『セクシー田中さん』生見愛瑠の“自立”するカッコよさ 田中さんと笙野は“稀有”な関係に
田中さん(木南晴夏)の身に“消化不良”の出来事が降りかかり続ける『セクシー田中さん』(日本テレビ系)第4話。
笙野(毎熊克哉)との未遂事件ではあれこれ思い巡らせ心配したのも杞憂で、「僕はあなたに1ミリも下心を抱いていない」と言い切られてしまう。安堵するとともに心に隙間風が吹くのを感じる田中さん。
三好(安田顕)からの決して自分だけに向けられたものではない、なんてことない“綺麗”という言葉に舞い上がり、特別な感情を抱いてしまった不毛な恋愛真っ只中の自分の今と重なり、虚無感が込み上げる。誰にとっても“特別”にはなれない自分を突きつけられているように感じたのかもしれないし、どこかで欲張ってしまう自分に気がつき、心の置き場所がわからなくなってしまったのだろう。
さて厄介なのが、拗らせ男子でただでさえややこしい笙野が、田中さんから好意を寄せられていると勘違いし、暴走し始めたこと。確かに田中さんから「“かわいいね”って頭を撫でられたい。好きな人にだけは」と涙ながらにあんなに真剣に切実に真っ直ぐな想いを打ち明けられてしまえば、面食らい意識してしまうのもわかる。田中さんが三好を想ってこぼした本音が、まさかの笙野に刺さってしまい、今度は勝手に田中さんからの片想いに応えられないと悩み始める彼の姿がおかしい。
しかし、笙野も残念な存在なだけではなくファインプレーも見せる。

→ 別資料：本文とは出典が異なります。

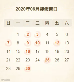 2020年6月装修开工吉日(共9天)
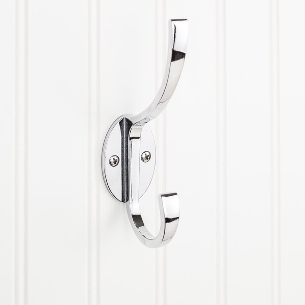 The gentle curve of this flared transitional Polished Chrome double prong hook from Elements is sure to provide an abundance of fashion and function for any space. Great for hanging clothes, jewelry, or robes, this hook is available in three beautiful finishes. Each hook is weight tested to hold up to 35 pounds and individually packaged to prevent damage. Packaging includes mounting screws and installation instructions.

四十肩に見舞われベリーダンスをしばらくお休みせざるを得なくなった田中さんを心配し、自身の過去の経験からブロック注射を紹介したり、手料理を持参したり掃除を手伝ったりと甲斐甲斐しく彼女をサポートする。小西(前田公輝)が見抜いていた通り、笙野の好きなタイプに田中さんはまさに合致しているように思えるし、思い込みの激しい笙野からすれば、田中さんは“対話ができる”極めて稀有な存在だ。
面白いのは、どんどん笙野の方が田中さんに夢中になってしまっていることだ。“びっくりするくらい無神経だけど親切”な笙野は、田中さんがどうやら自分のことを男友達だと思っているらしいことに気がつき大混乱。さらには田中さんの片想いの相手が既婚者で軟派な三好だと判明するなり、「田中さんには相応しくないですよ!」とまくし立てる姿は、ベリーダンスをする田中さんに「もったいないです!」という言葉を放った、かつての笙野を彷彿とさせる。とにかく自身の理解を超えたことに出会った際の笙野の拒絶反応は“正しさ”を優先し、それを振りかざそうとする。それがいかに自分本位で、相手を傷つけ断罪することになるとは、つゆとも思わない笙野はやっぱり惜しい。
「あなたに踏みつけられたくない」と田中さんに他の男性のことで面と向かって怒られてしまった笙野の中で、どんな感情が湧いてきたのだろうか。
あんなに他人に対してはっきりとNOを突きつける田中さんを初めて見たが、これまでは男性からモノのように扱われてきたから感情が動かされることはなかったが、笙野は「人として扱ってくれるから、自分でもびっくりするくらい腹が立つし傷ついた」のだと言う。やはりなんだかんだ田中さんと笙野は良いコンビで、互いに他人に心を明け渡すのが苦手なタイプながら、相当深いところに入り込みあっている。